Question

1. $y = 2(2^x - 1)$

Explanation:

Step1: Simplify the function

$y=2(2^x - 1) = 2^{x+1} - 2$

Step2: Find y-intercept (x=0)

Substitute $x=0$:
$y=2^{0+1}-2=2-2=0$

Step3: Find x-intercept (y=0)

Set $y=0$:
$0=2^{x+1}-2 \implies 2^{x+1}=2^1 \implies x+1=1 \implies x=0$

Step4: Calculate key points

For $x=1$: $y=2^{2}-2=4-2=2$
For $x=-1$: $y=2^{0}-2=1-2=-1$
For $x=2$: $y=2^{3}-2=8-2=6$
For $x=-2$: $y=2^{-1}-2=\frac{1}{2}-2=-\frac{3}{2}$

Step5: Identify asymptote

As $x \to -\infty$, $2^{x+1} \to 0$, so $y \to -2$ (horizontal asymptote $y=-2$)

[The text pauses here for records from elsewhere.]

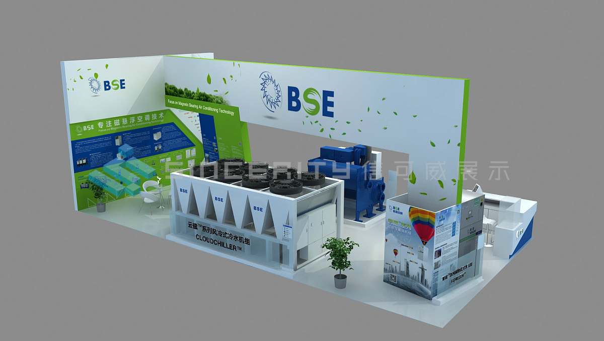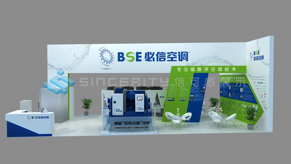 必信空調,蘇州必信空調有限公司位于蘇州高新區科技城,是國內一家專注于磁懸浮空調技術的國家級高新技術企業。必信空調展臺設計融科技、環保于一體,契合必信空調“中國智造”的經營戰略,呼應“新時代、新智造、新征程”主題,折射出高效、節能、環保的產品定位。
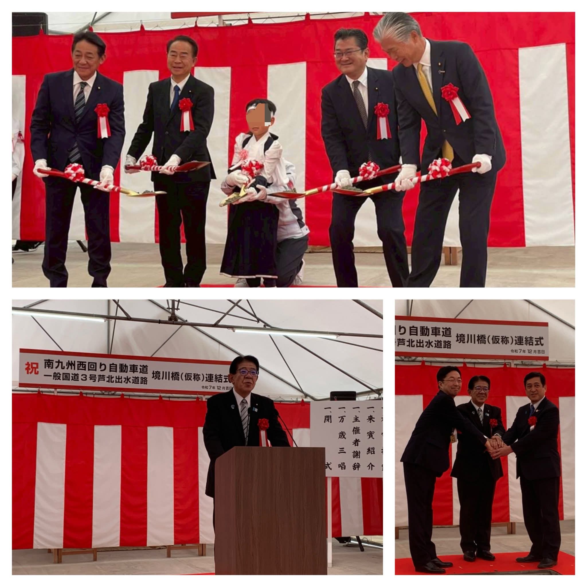 太宰府市議選告示 南九州西回り自動車道・芦北出水道路 境川橋連結式典 2025年12月7日 朝、久留米市を出発し、西鉄電車で太宰府市に移動。『おばた真由美』候補の出陣式に参加。『おばた真由美』候補への応援をお願いしました。 その後、車両にて熊本県水俣市と鹿児島県出水市の境まで移動。両県と両市をつなぐ橋梁の式典に出席。ご挨拶申し上げました。全線開通まで頑張ります! 終了後、新水俣駅から新幹線で福岡空港を目指しています。今日は九州を南北に移動が激しい1日です。 コメントは受け付けていません。
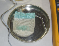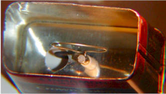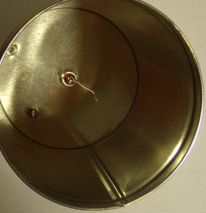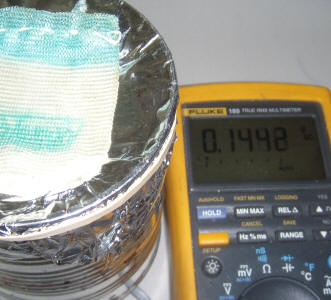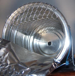 Since the original construction of this meter, a couple of useful modifications have been made. A wire shelf was added to allow items to be inserted into the chamber through a small hole in the foil without fear the item will touch the center pin. (The foil is peeled back to reveal the shelf in the photo to the left.) Later I realized it's better to put the "shelf" at the bottom so that the inserted item rests on the can with the screen simply acting as an electrostatic shield and physical guard.

Step6: Plot points and draw curve

Plot $(0,0)$, $(1,2)$, $(-1,-1)$, $(2,6)$, $(-2,-\frac{3}{2})$, then draw a smooth curve approaching $y=-2$ as $x$ decreases.

Answer:

The graph is an exponential curve passing through $(0,0)$, $(1,2)$, $(-1,-1)$, approaching the horizontal asymptote $y=-2$ as $x \to -\infty$, increasing for all real $x$.